Instructions for the task
Lift out each line of the data that holds "TOGG".

Task material
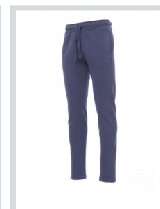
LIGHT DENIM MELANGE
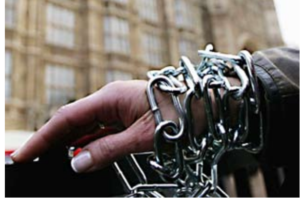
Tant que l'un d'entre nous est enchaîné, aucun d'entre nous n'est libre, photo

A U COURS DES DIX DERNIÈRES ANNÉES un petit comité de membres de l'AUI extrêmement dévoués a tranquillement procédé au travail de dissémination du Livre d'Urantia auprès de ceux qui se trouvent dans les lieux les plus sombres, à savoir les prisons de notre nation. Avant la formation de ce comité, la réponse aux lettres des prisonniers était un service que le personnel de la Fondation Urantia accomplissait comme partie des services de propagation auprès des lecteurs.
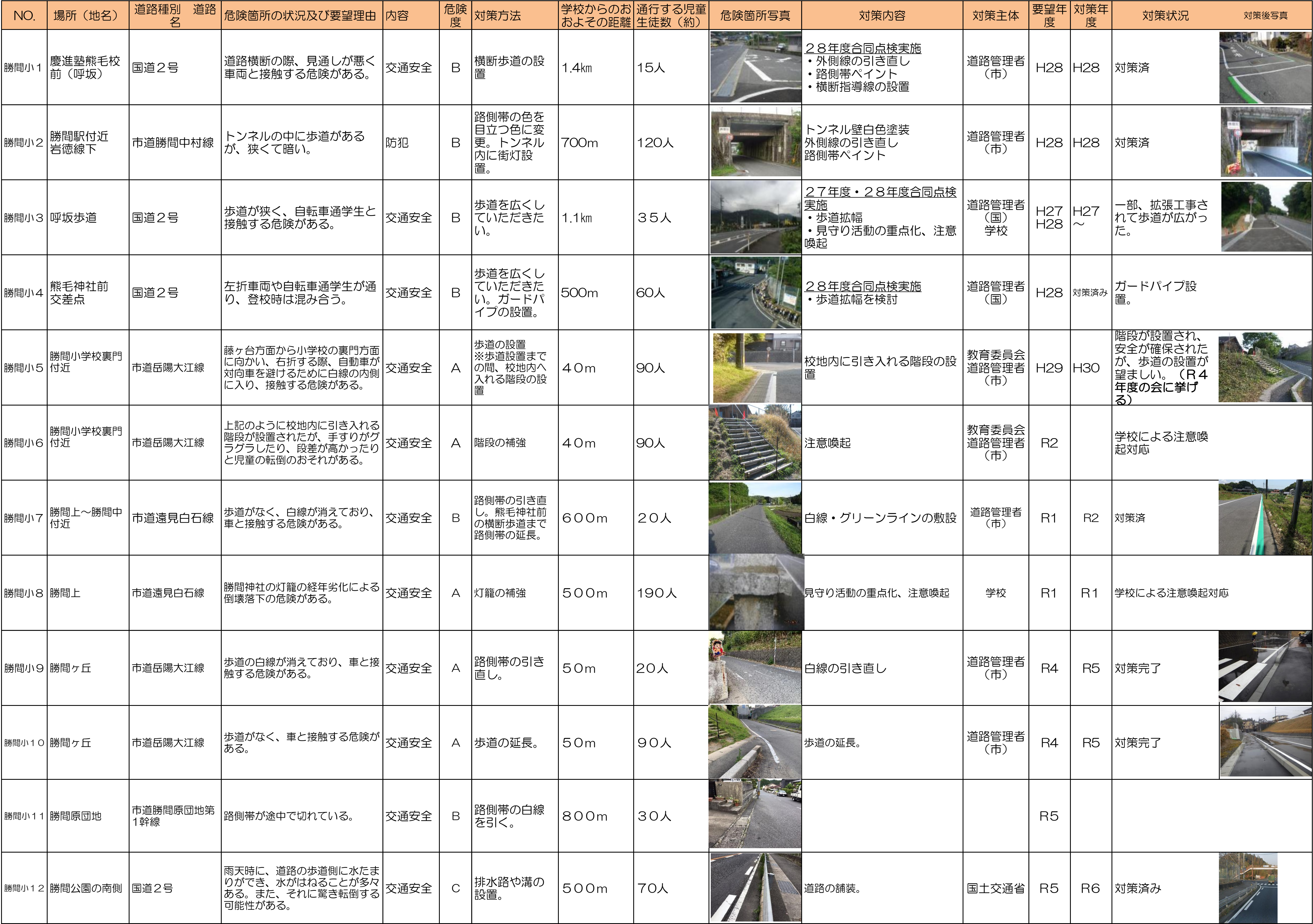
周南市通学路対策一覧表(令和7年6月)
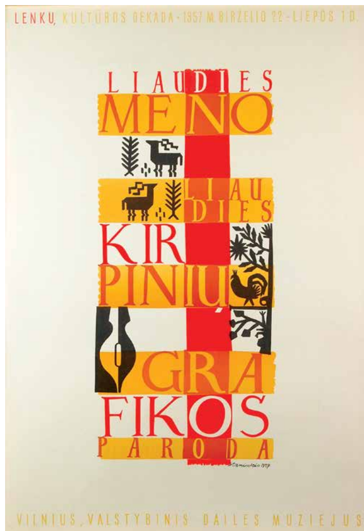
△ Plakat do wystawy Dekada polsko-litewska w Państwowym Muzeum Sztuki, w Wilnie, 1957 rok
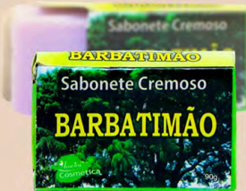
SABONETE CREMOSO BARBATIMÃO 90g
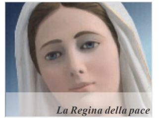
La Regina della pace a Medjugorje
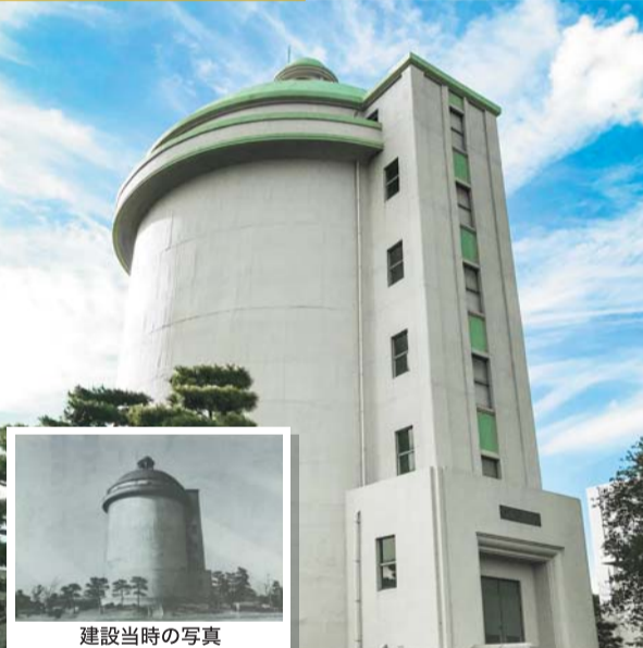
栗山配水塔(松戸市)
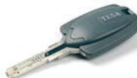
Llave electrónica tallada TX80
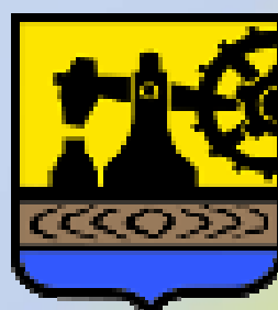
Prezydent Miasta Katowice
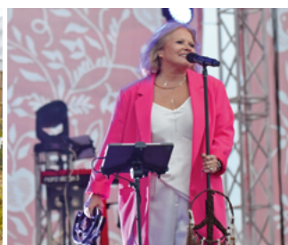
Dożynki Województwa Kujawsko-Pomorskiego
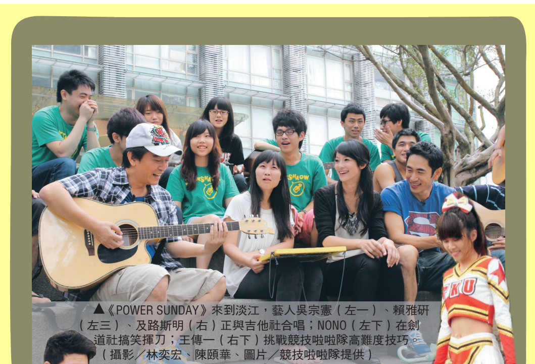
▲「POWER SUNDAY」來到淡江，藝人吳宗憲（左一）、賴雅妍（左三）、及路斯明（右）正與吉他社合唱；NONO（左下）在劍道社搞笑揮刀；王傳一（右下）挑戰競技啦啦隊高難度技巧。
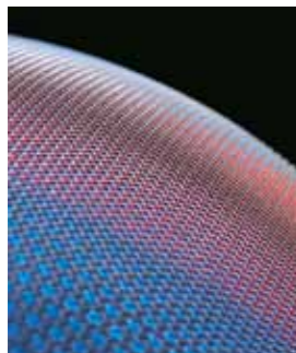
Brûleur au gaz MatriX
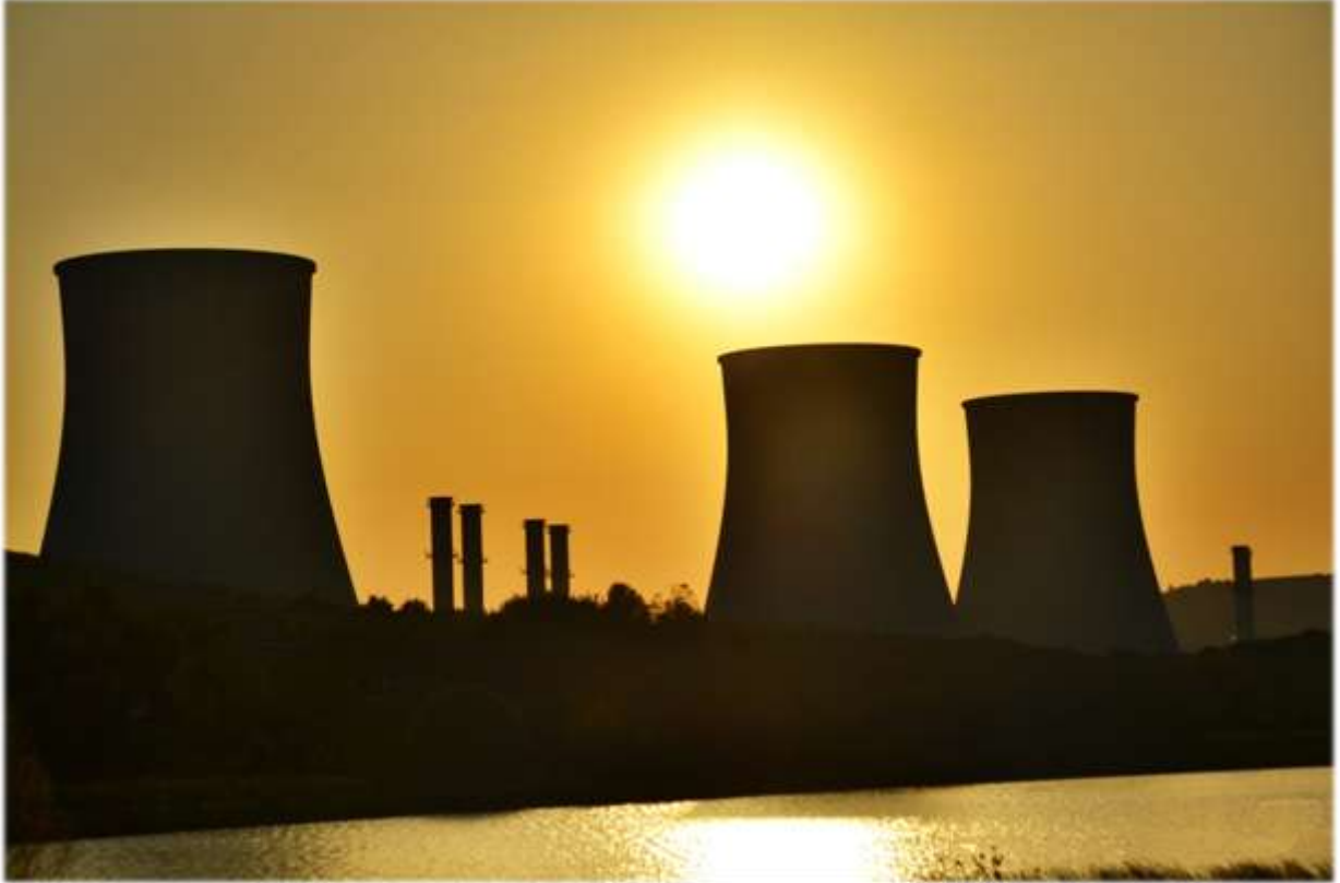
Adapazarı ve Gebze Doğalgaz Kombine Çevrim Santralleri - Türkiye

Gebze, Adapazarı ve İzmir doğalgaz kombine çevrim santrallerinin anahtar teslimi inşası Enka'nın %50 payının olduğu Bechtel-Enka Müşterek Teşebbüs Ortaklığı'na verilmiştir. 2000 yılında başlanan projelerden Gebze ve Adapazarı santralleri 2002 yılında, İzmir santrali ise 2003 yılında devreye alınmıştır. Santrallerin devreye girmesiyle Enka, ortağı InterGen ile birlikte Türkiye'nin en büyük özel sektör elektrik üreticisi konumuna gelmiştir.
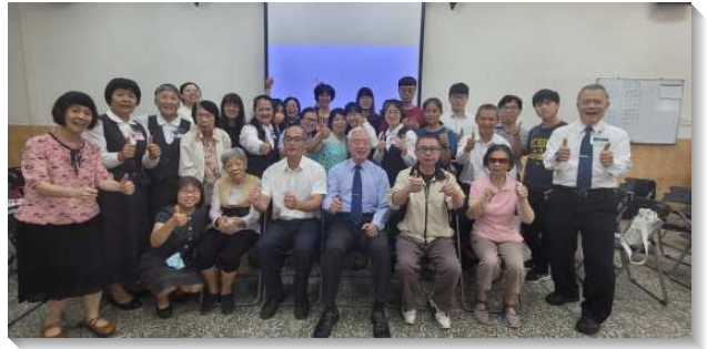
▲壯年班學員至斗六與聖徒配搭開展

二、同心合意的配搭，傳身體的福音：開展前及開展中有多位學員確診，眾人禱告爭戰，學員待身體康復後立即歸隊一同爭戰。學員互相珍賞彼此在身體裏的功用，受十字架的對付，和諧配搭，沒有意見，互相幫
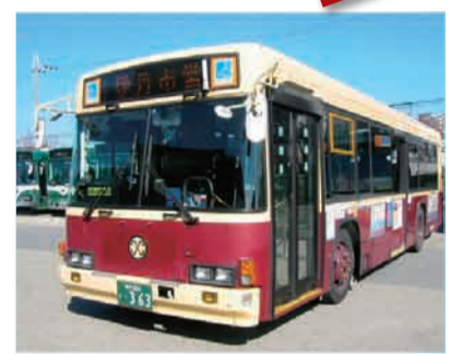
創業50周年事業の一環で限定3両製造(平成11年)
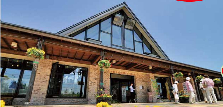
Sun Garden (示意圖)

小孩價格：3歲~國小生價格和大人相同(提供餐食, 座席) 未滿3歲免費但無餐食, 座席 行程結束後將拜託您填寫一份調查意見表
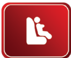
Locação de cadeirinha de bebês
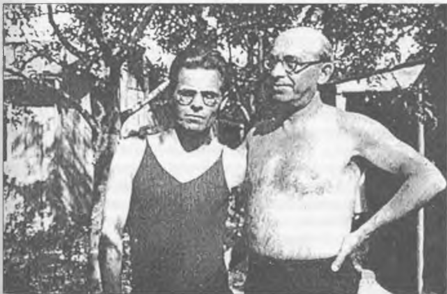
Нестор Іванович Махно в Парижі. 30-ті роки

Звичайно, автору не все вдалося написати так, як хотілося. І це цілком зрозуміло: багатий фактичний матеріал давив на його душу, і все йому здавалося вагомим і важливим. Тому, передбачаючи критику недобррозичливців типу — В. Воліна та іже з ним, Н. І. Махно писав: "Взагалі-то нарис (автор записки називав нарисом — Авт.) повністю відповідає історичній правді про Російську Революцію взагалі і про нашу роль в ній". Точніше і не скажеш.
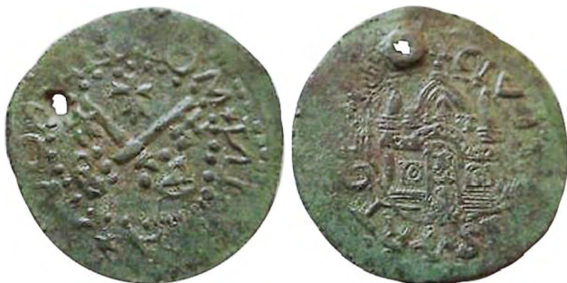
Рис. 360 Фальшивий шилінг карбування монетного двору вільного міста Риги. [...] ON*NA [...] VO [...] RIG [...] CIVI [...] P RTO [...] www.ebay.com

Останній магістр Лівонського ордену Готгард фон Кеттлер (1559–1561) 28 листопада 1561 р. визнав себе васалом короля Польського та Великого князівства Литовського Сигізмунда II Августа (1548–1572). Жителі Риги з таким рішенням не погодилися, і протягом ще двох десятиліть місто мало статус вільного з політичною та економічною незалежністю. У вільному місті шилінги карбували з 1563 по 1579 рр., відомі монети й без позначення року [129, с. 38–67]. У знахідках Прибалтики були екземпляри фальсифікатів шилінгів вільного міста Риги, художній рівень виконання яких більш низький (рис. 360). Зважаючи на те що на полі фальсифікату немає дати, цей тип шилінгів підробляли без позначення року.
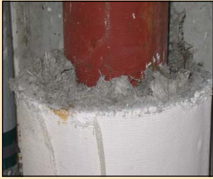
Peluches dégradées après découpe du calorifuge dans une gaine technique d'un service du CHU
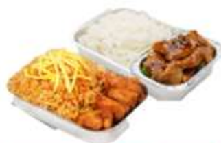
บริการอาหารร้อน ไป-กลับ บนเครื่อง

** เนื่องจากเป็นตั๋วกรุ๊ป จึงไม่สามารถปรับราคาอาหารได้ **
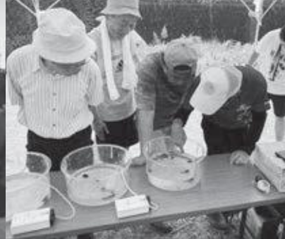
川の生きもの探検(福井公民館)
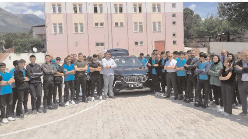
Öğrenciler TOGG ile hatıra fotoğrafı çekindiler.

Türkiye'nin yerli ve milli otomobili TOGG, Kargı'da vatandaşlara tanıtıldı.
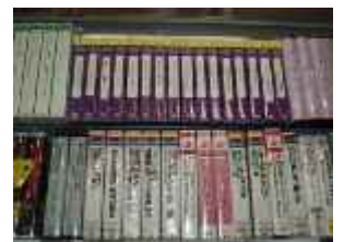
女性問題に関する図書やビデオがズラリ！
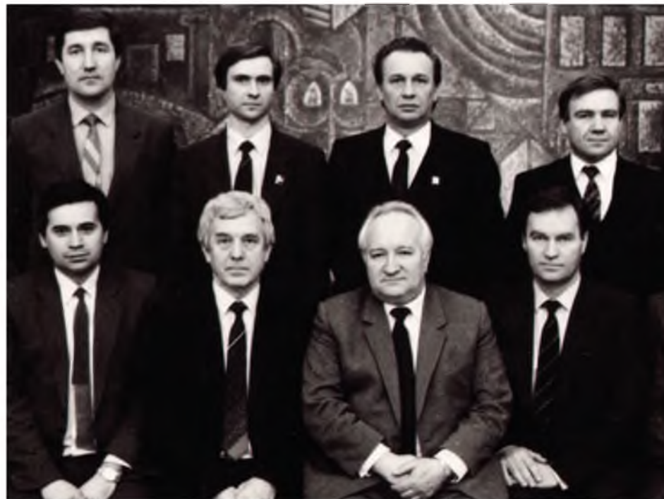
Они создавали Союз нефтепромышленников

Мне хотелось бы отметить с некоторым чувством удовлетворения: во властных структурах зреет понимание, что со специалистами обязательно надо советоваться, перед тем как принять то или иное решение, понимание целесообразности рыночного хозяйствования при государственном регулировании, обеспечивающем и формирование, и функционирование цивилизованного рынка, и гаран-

Written response
Öğrenciler TOGG ile hatıra fotoğrafı çekindiler.
Türkiye'nin yerli ve milli otomobili TOGG, Kargı'da vatandaşlara tanıtıldı.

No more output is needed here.